Stored items from a collection —
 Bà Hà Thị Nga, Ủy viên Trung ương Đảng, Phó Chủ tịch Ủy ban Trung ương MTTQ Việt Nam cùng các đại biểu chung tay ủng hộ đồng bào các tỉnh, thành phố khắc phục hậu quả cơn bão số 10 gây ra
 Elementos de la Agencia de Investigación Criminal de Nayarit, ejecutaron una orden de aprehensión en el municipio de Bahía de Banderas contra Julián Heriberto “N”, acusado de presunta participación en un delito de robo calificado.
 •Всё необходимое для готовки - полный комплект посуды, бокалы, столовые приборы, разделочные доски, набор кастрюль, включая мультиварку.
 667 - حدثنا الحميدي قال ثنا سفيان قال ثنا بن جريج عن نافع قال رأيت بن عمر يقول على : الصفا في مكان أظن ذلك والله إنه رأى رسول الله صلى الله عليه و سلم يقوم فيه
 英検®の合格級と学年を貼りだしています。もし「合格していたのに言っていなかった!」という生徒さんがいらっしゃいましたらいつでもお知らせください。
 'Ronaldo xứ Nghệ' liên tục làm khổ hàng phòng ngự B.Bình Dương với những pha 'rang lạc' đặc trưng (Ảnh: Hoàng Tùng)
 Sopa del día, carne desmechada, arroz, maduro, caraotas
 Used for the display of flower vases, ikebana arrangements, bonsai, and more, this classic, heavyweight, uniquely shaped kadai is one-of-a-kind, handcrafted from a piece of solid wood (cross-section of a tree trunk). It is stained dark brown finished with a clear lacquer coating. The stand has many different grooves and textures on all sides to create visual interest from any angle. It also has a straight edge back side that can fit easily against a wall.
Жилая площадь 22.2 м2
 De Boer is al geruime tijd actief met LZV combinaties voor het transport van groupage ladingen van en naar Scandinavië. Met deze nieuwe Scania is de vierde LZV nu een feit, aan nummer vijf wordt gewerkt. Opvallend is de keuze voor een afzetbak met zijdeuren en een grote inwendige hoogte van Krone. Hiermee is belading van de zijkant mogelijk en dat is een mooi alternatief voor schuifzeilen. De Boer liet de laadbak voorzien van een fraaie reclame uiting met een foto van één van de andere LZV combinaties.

Your objective — From the entries above, restate word for word the lines from the line containing "(Ảnh: Hoàng Tùng)" to the line containing "Sopa del día, carne", both ends included, and nothing more.

Written reply —
 'Ronaldo xứ Nghệ' liên tục làm khổ hàng phòng ngự B.Bình Dương với những pha 'rang lạc' đặc trưng (Ảnh: Hoàng Tùng)
 Sopa del día, carne desmechada, arroz, maduro, caraotas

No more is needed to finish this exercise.